TO DO:
Return the lines beginning at the one that contains "0.4% | 2,000P |" and running to the end of the records, exactly and with nothing else. Omit pictures.

========================

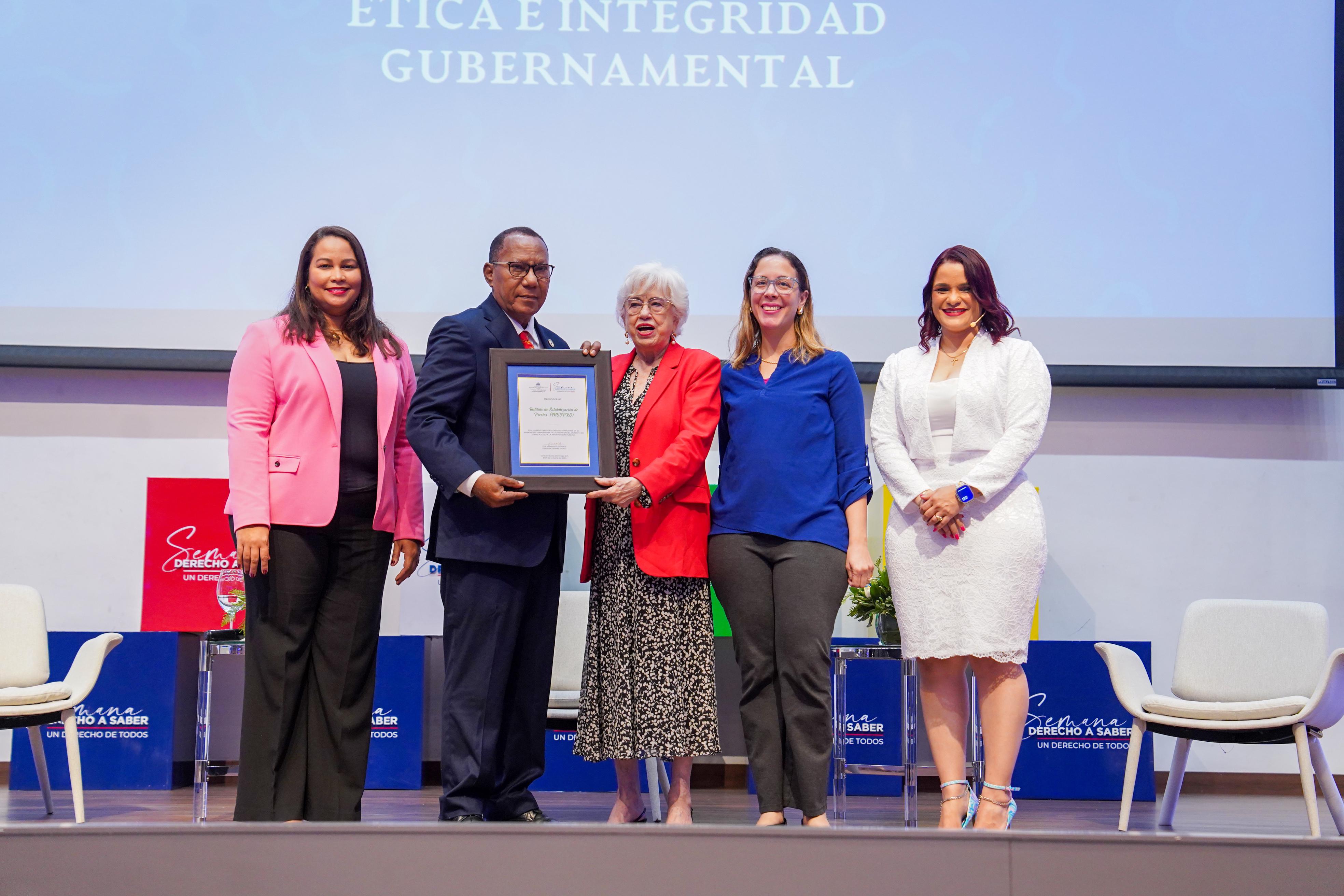 El reconocimiento fue entregado por la directora general de Ética e Integridad Gubernamental, Milagros Ortiz Bosch y fue recibido por el subdirector del Inespre, Obispo de los Santos, en representación del director ejecutivo de la institución, Iván Hernández Guzmán y por la coordinadora ejecutiva de la Comisión de Integridad Gubernamental y Cumplimiento Normativo y encargada de la Oficina de Libre Acceso a la Información, Penélope Columna.
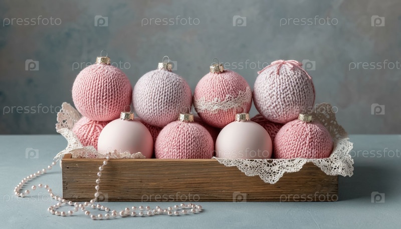 Пастельная вязаная шерсть рождественские шары в винтажном стиле деревянный ящик. экологически чистые игрушки
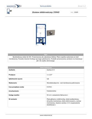 Karta produktu Zestaw elektroniczny 3504S Strona 1 z 2 kod: 3504S Opis Bezdotykowy stelaż do WC. Przeznaczony do zabudowy lekkiej. Płyta czujnika wykonana ze stali nierdzewnej. Posiada również funkcję ręcznego spłukiwania. Produkt przeznaczony zarówno na inwestycje jak i do użytku domowego. Zasilanie Dane techniczne Zasilacz 6 V Przyłącze 1 x 1/2" Spłukiwanie ręczne tak Wykonanie Wandaloodporne - stal nierdzewna polerowana Czas przepływu wody 6 l/min Uruchamianie Fotokomórka Zasięg czujnika 55 cm ( ustawienie fabryczne ) W zestawie Płyta główna z elektroniką, stelaż podtynkowy, skrzynka montażowa, blok elektrozaworu, zestaw montażowy. Zawiera zasilacz 6 V ( wyposażenie dodatkowe ) www.makoinstal.pl Karta produktu Zestaw elektroniczny 3504S www.makoinstal.pl Strona 2 z 2 kod: 3504S
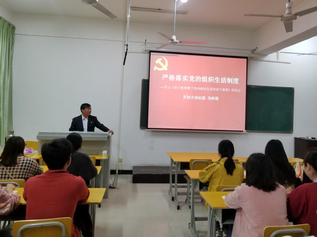 4月25日下午,365英国上市集团官网纪委书记马林强应邀在15号楼601教室,为艺术设计学院分党校的发展对象们讲授了主题为《严格落实党的组织生活制度》党课。
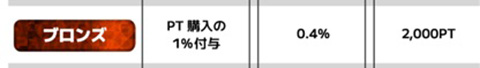 | ブロンズ | +1% | 0.4% | 2,000P |
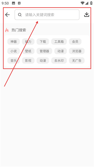 2、进入搜索页后,可在搜索框输关键词,也能点热门搜索里的标签,快速找到对应软件哦。
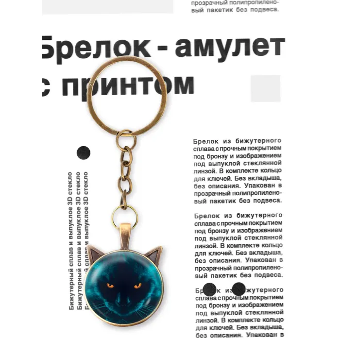 Брелок из бижутерного сплава с покрытием под бронзу и изображением, защищённым выпуклой стеклянной линзой.
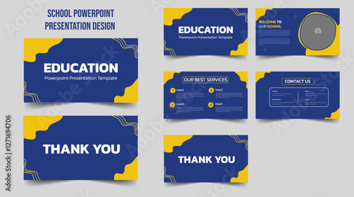 Education Design School PowerPoint presentation slide template. Utilize a contemporary background for a keynote presentation, brochure design, website slider, landing page, or annual report.
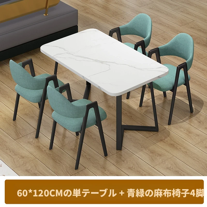 60*120ホワイトテーブル+ライトグリーン麻布椅子*4

========================

RESPONSE TO THE TASK:
 | ブロンズ | +1% | 0.4% | 2,000P |
 2、进入搜索页后,可在搜索框输关键词,也能点热门搜索里的标签,快速找到对应软件哦。
 Брелок из бижутерного сплава с покрытием под бронзу и изображением, защищённым выпуклой стеклянной линзой.
 Education Design School PowerPoint presentation slide template. Utilize a contemporary background for a keynote presentation, brochure design, website slider, landing page, or annual report.
 60*120ホワイトテーブル+ライトグリーン麻布椅子*4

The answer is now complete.